Performative vs. Descriptive

The term "performative utterances" was coined by John Langshaw Austin ("How to do things with words"; Harvard University Press, 1962) and names a class of linguistic constructions. Example:

"I name this ship the 'Enterprise'."

As it were, at the moment of speaking becomes this statement "reality". Also the sentence

"She / He is the one."

can be used performatively. Another example from everyday life:

"Hereby we dissociate ourselves from the contents of all linked sites."

It has been pointed out by Austin and others, that such constructions result in meaningful statements only in a certain social and semiotic environment. I.e. the attention of certain rules is necessary. With "It shall be light" it functions rather rarely.

A phenomenon: The terms "lifelong learning" or "sustainable economic development" come along, nobody actually knows from where, and our handling of the terms suggests, that the contents would be new, and until the terms coinage not existent. Which is not correct, these terms designate established facts, possibly pointed, or from a special perspective, which is actually not expressed. Or they use well-known facts, which came so far without an explicit term, in order to introduce a new content.

Immanuel Kant wrote: "Percepts without concepts are blind, concepts without percepts are meaningless / Intuitions without concepts are blind, concepts without intuitions are empty".

Benjamin Lee Whorf: The principle of linguistic relativity

Most languages have a grammatical gender system which assigns all objects (e.g., cows, noses, and toasters) a gender. This is done in spite the fact that objects don't actually have a biological gender. In some languages only masculine and feminine genders are used, but most also assign neuter genders.

It has been argued that the assignment of a grammatical gender to an object is semantically irrelevant.

Mark Twain noted, in German, a young lady has no sex, while a turnip has. [...] a tree is male, its buds are female, its leaves are neuter; horses are sexless, dogs are male, cats are female tomcats included, of course;

The grammatical genders assigned to objects vary greatly across languages. For example, the sun is feminine in German, but masculine in Spanish and French, and neuter in Russian. The moon is feminine in Spanish, French and Russian, but masculine in German.

 

Edward Sapir identified in the early 1900's the concept, that language defines the way a person perceives the surrounding world and that thus language, to some extent, determines the way a person thinks and behaves.

 

Benjamin Whorf, one of his students, picked up on the idea of linguistic determinism and developed it, based on his studies of the Hopi language. The Sapir-Whorf hypothesis was born. The main idea: language is not just a way of voicing ideas, but is the underlying substrate which shapes and, more importantly, also confines our ideas and our view of the world.

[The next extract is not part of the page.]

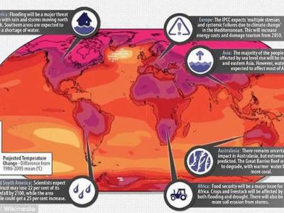 这张地图详细预测了不同大陆可能遭受的气候变化影响,政府间气候变化专门委员会(...
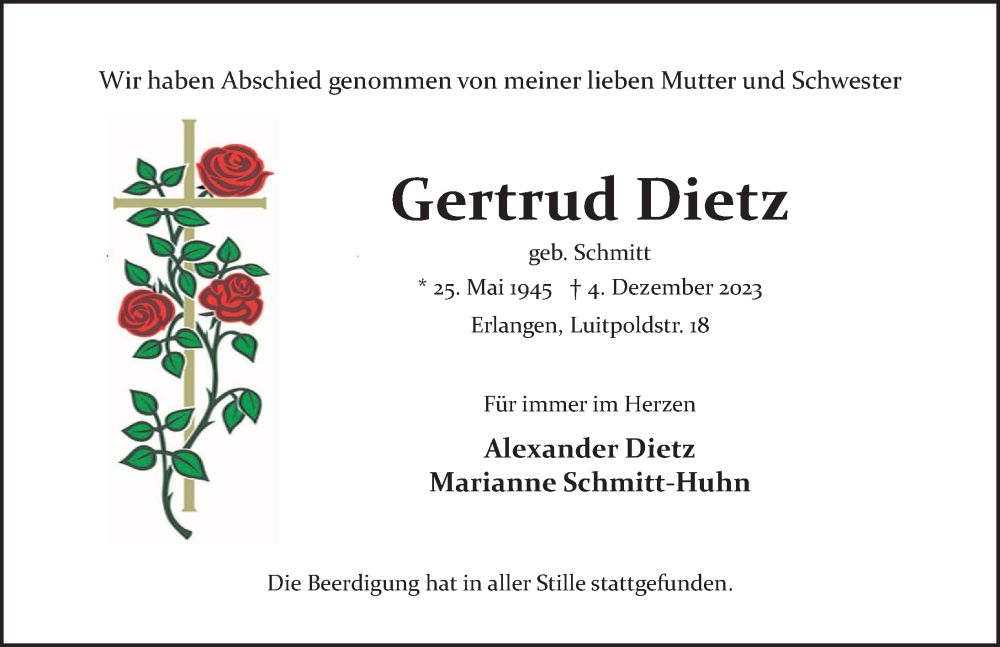Hier finden Sie alle Traueranzeigen aus der Zeitung, die bisher für Gertrud Dietz erschienen sind. Weitere Traueranzeigen, die in der Zeitung erscheinen, werden hier ebenfalls aufgelistet

There is an ongoing debate within the linguistic field, what exactly this means: from a strict position of absolute determinism to a moderate view, that language merely "shapes" or "influences" our thoughts a lot of slightly different positions are found. Unfortunately, the terms "influence" etc. are not clearly defined, nor are the assumed effects of determinism of the mother tongue, when a person learns a second language well analyzed.

Whorf developed his idea on several observations, the most famous being the existence of a plethora of words for "snow" in the Inuit language, which outnumbers the words for "snow" in the English language. Since snow is an important part of their daily life, it seems appropriate to develop a language, which uses more refined expressions for snow, than, say, for a language used by a population based in the desert.

Later studies (The Great Eskimo Vocabulary Hoax, Geoffrey K. Pullum, 1991) claimed that if you do include phrases, and not only words, the English language has a comparable ability to describe different forms of "snow". The basic idea is, that also the vocabulary of some languages might be more efficient or precise in describing certain aspects of the world; others just transmit the same perceptions / ideas / thoughts by using a different approach (e.g. more words).